I have this command:
top -d 1.0 -n 1| grep Mem
when i execute it in terminal i get:
KiB Mem : 16330216 total, 3902792 free, 10619512 used, 1807912 buff/cache
KiB Swap: 8509436 total, 4584448 free, 3924988 used. 4848204 avail Mem
I want to save this output in a text file.
I want to keep a track of this every 10 seconds.
Therefore i tried:
def repeat():
print(time.ctime())
threading.Timer(10, repeat).start()
f= open('ss.txt', 'w')
top= os.system("sudo top -d 1.0 -n 1| grep Mem")
s=str(top)
text = f.write(s)
print(text)
repeat()
But i am only gettin 3 printed.
I want the complete information to be stored in text file.
解决方案
The reason for your output (3) is that os.system() does not return what is written to stdout but the the return value of the executed command (which is normally not printed and therefore not seen by the user).
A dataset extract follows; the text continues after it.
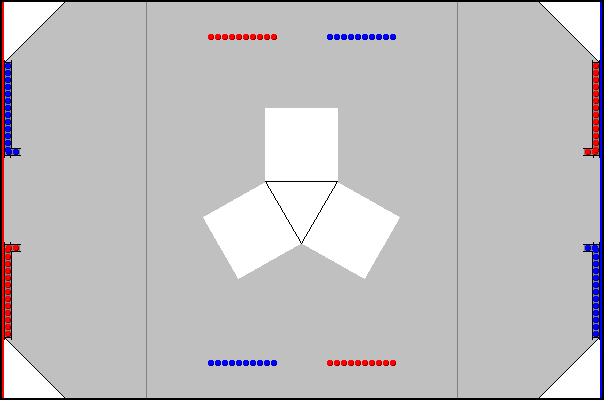 The Half-Pipe Hustle field in the operator control period.

You, of course, want to get the stdout output. The simplest way to get that, is to use subprocess.run() rather than os.system(). It is generally adviced to use the subprocess module, over os.system() due to its greater capabilities.
Also, instead of doing a grep it is possible to filter the output data in Python itself. This is simpler and removes the need for piping shell commands. Piping shell commands requires shell=True as parameter to subprocess.run() which may be dangerous, especially if running sudo, as it may allow the one executing the program access to all of the system, is not handled carefully. I don't think it is a risk with your current program, but things change and evolve, and all of a sudden it is...
Thus, a solution to your problem would be
import subprocess
cmd = ['sudo', 'top', '-d', '1.0', '-n', '1']
p = subprocess.run(cmd, stdout=subprocess.PIPE, universal_newlines=True)
with open('ss.txt', 'w') as f:
for line in p.stdout.split('\n'):
if 'Mem' in line:
f.write(line)
Unfortunately I am currently not a on Linux machine, so I cannot test the code, which means there may be minor issues, but try it and let me know if it does what you want.
Also note that subprocess.run() requires a rather new version of Python (3.5 or newer) otherwise you have to fall back on p = subprocess.check_output(...) and p.communicate().